> **Input data**
═══
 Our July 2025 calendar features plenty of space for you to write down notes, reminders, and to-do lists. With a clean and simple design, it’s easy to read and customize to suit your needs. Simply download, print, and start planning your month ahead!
═══
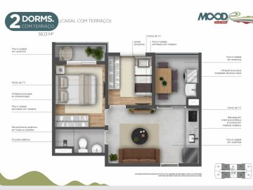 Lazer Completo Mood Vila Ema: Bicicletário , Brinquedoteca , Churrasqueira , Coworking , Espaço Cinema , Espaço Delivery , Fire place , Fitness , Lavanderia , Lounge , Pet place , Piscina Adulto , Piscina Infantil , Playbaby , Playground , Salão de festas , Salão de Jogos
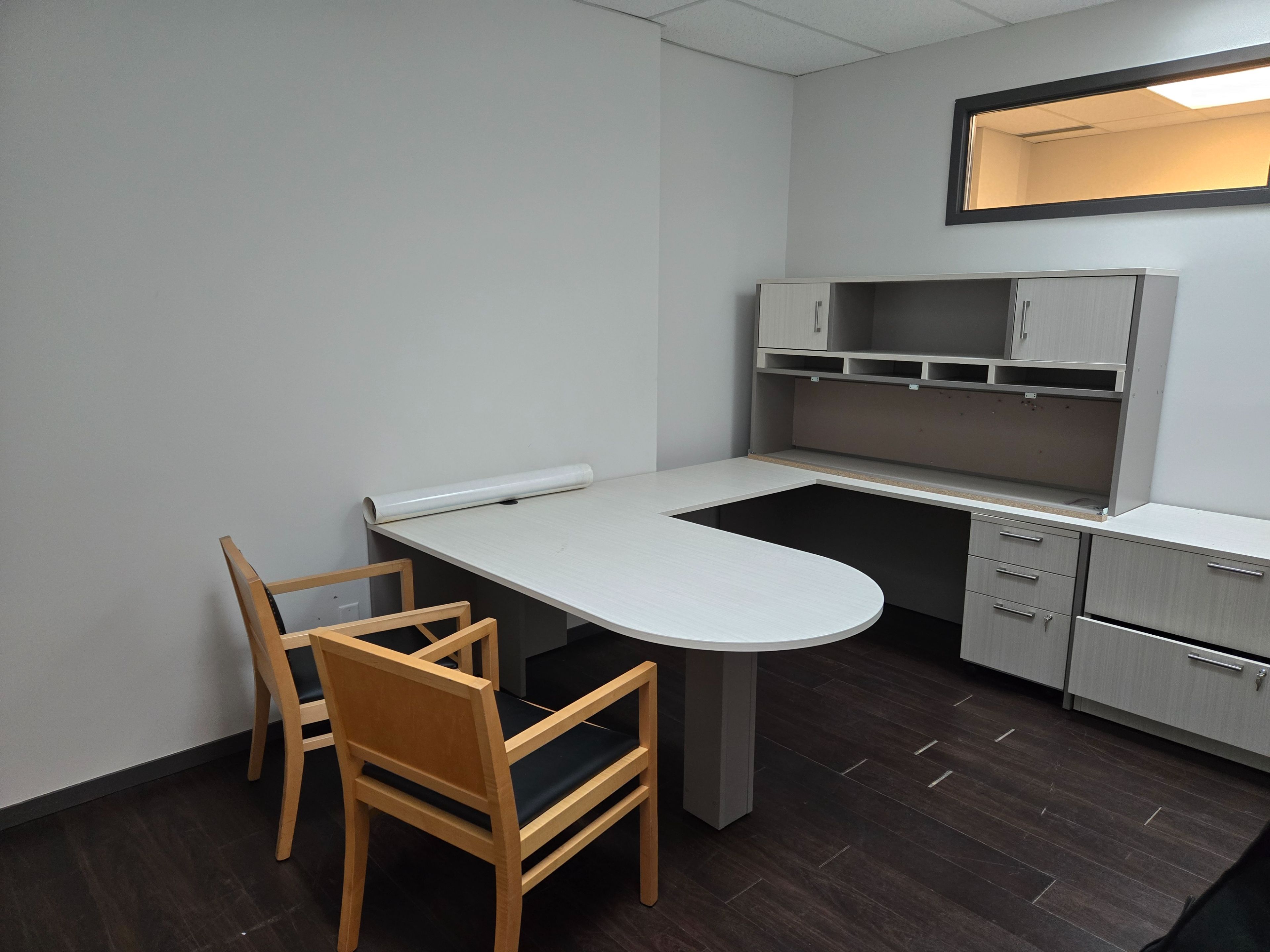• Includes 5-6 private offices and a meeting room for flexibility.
═══
> **Task prompt**
In the entries above, find the line containing "Lazer Completo Mood" and the line containing "room for flexibility.", then copy both and every line between them exactly, without any picture.

> **Completed exercise**
 Lazer Completo Mood Vila Ema: Bicicletário , Brinquedoteca , Churrasqueira , Coworking , Espaço Cinema , Espaço Delivery , Fire place , Fitness , Lavanderia , Lounge , Pet place , Piscina Adulto , Piscina Infantil , Playbaby , Playground , Salão de festas , Salão de Jogos
• Includes 5-6 private offices and a meeting room for flexibility.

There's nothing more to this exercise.